In January 2013, my employer, Indiana University, named Richard Lugar a Distinguished Scholar and Professor of Practice in its new School of Global and International Studies. Professor Lugar (how strange that sounds) is donating his senatorial papers to Indiana University, a gift that will provide a treasure trove of resources for research on many issues, but especially his dedication to reducing the dangers of WMD proliferation. We still have much to learn . . .


One Comment on “Thank You, Senator Lugar. And Welcome, Professor Lugar”

  1. “Just think of the proliferation fears that experts have about the collapse of the Assad regime in Syria, the implosion of the North Korean regime, or the potential cascade effect of Iranian development of nuclear weapons.”

    I do – and pretty much dismiss them all as highly unlikely events – and even if they do occur, probably all of them could be contained.

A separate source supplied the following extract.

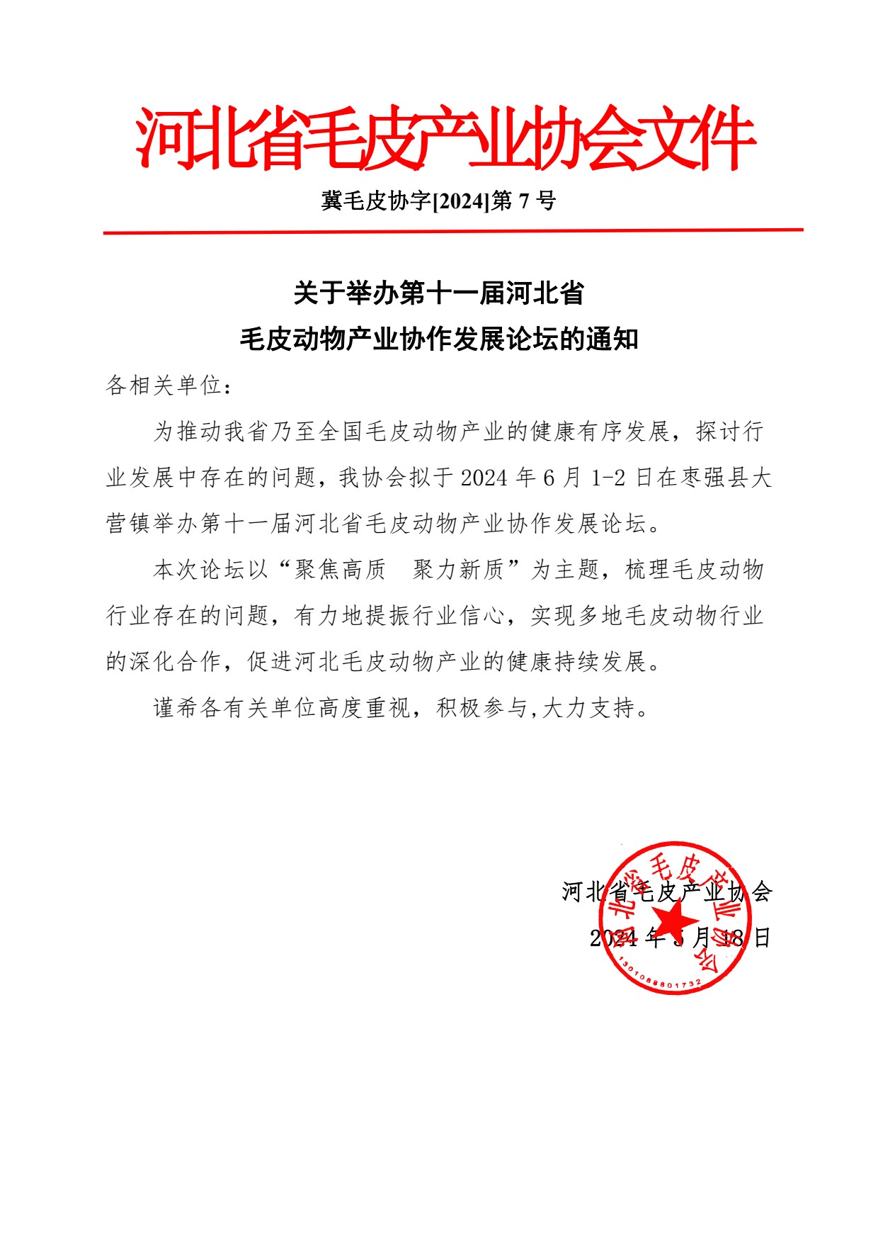 关于举办第十一届河北省毛皮动物产业协作发展论坛的通知

    Syria doesn’t have nuclear weapons and chemical weapons have to be handled by experts and have limited shelf lives and limited strategic and tactical use. Syria is never going to give them to Hizballah in Lebanon or anyone else. Even if “Al Qaeda” got their hands on them, odds are they couldn’t use them effectively – and Israel would be trying mightily to make sure they never did, as would the US.

    If North Korea collapses, China will most likely assume control of its nuclear facilities and technology and it’s unlikely any of it will be spread much further than it already has. The US policy toward NK of sanctions and threats is not helping the current NK proliferation problem.

    And Iran will never develop nuclear weapons, at least not under the present regime, because there are no strategic or tactical use cases for Iranian nukes and the present regime has repeatedly stated they understand that and have no intention of making nukes.

    The place where proliferation is potentially a real problem is India and Pakistan – and the US has done nothing in either case. Now it’s too late as both countries have adequate arsenals as well as significant military force to make it difficult to impose disarmament on them. If there is any place in the world where nukes might actually be used in anger, it’s there.

    And the previous thread cited Stephen Walt’s article at Foreign Policy pointing out the “inconvenient truth” that the US is never going to give up its nukes – and neither is Israel. Which means neither is Russia or China or the EU.

    So what does that leave to talk about? Brazil? Argentina? What are their use cases for nukes (other than each other?) Missing tactical nukes?

    In general, non-proliferation is really low on my threat radar – except where it is used as a red herring to “justify” another war as was the case with Iraq and is the case with Iran.